======== DATASET CONTENT ========
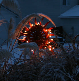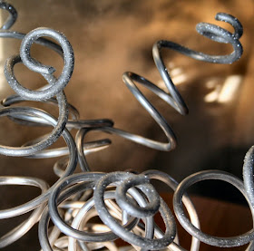 In years past, I always went to the store for some small evergreen trees/shrubs for the planters, but this year I decided to use what I had at hand.... After trimming off the dead stuff, I filled the planters up with light green pebbles & went gathering all the aluminum skwigglys I could find....this took me all around the garden, in the garage, in the house, & I considered thieving some from the next door neighbors that I gave them this summer; but in the end I restrained myself & had plenty anyhow... :) I scrounged up some copper coated stick things too, along with a few other items...
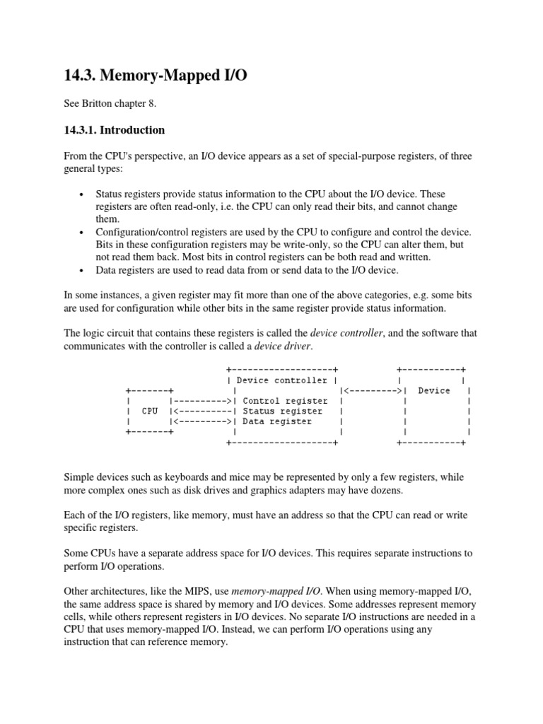 +-------------------+ +-----------+ | Device controller | | | +-------+ | |<--------->| Device | | |---------->| Control register | | | | CPU |<----------| Status register | | | | |<--------->| Data register | | | +-------+ | | | | +-------------------+ +-----------+
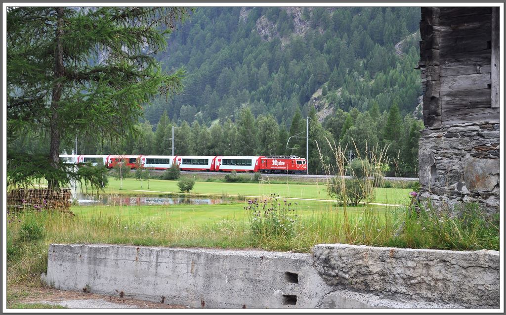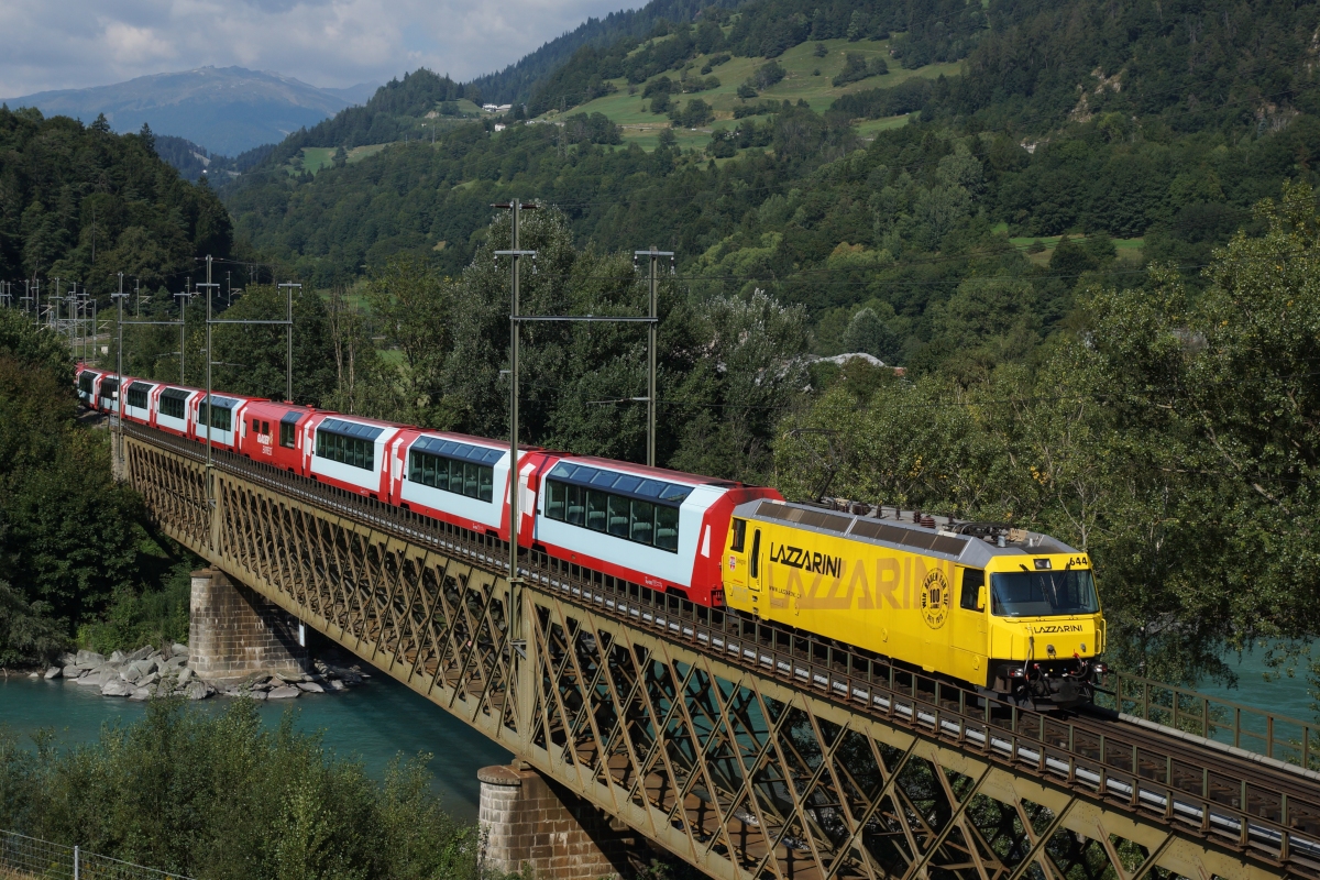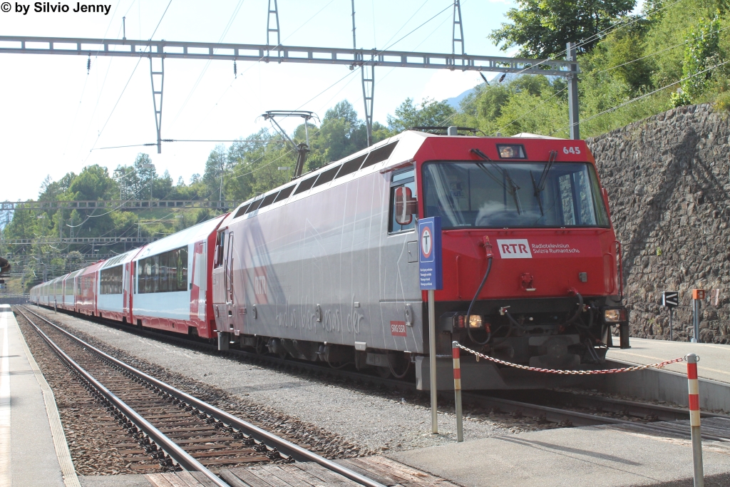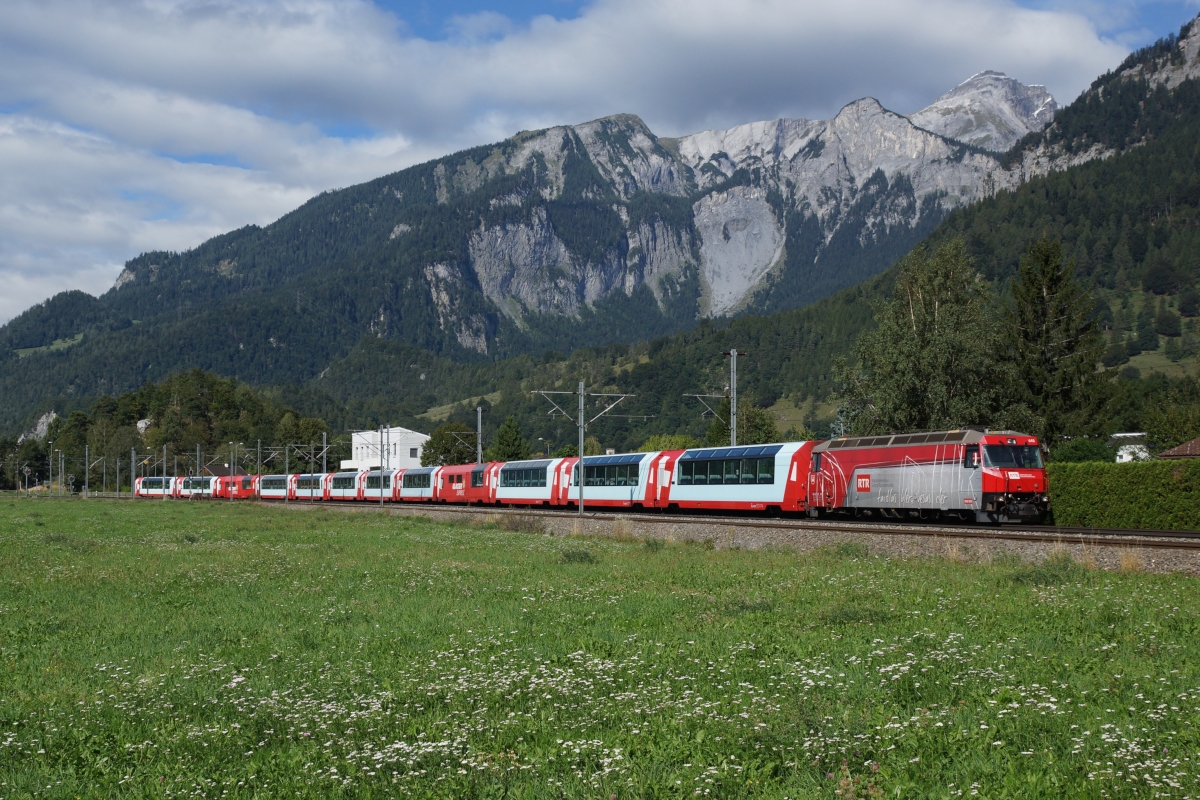 Die meiner Meinung nach etwas zu grell geratene Ge 4/4 III 644 erreicht am 31.08.2013 mit dem doppelten Glacier-Express D 905/907 Reichenau-Tamins. Eine gewisse Zeit lang war diese Lok die einzige Ge 4/4 III, welche im normalen RhB-Anstrich verkehrte. Sandro Gadola
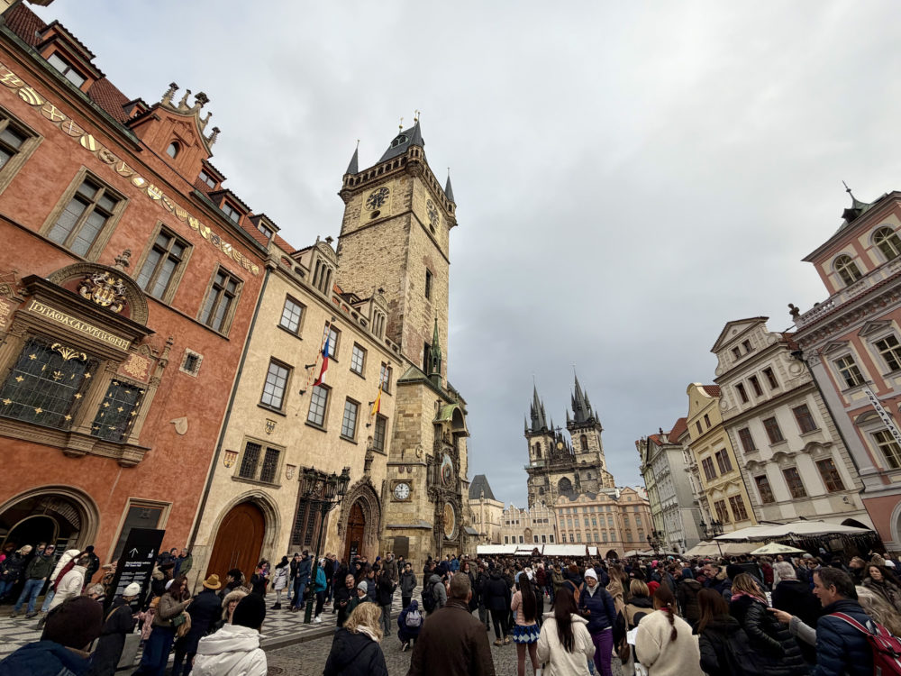 左が旧市庁舎。塔の下に天文時計があり、広場は正時が来るのを待つ観光客で埋め尽くされる。
========
All of the material shown above needs to be duplicated exactly. Omit every picture.

 In years past, I always went to the store for some small evergreen trees/shrubs for the planters, but this year I decided to use what I had at hand.... After trimming off the dead stuff, I filled the planters up with light green pebbles & went gathering all the aluminum skwigglys I could find....this took me all around the garden, in the garage, in the house, & I considered thieving some from the next door neighbors that I gave them this summer; but in the end I restrained myself & had plenty anyhow... :) I scrounged up some copper coated stick things too, along with a few other items...
 +-------------------+ +-----------+ | Device controller | | | +-------+ | |<--------->| Device | | |---------->| Control register | | | | CPU |<----------| Status register | | | | |<--------->| Data register | | | +-------+ | | | | +-------------------+ +-----------+
 Die meiner Meinung nach etwas zu grell geratene Ge 4/4 III 644 erreicht am 31.08.2013 mit dem doppelten Glacier-Express D 905/907 Reichenau-Tamins. Eine gewisse Zeit lang war diese Lok die einzige Ge 4/4 III, welche im normalen RhB-Anstrich verkehrte. Sandro Gadola
 左が旧市庁舎。塔の下に天文時計があり、広場は正時が来るのを待つ観光客で埋め尽くされる。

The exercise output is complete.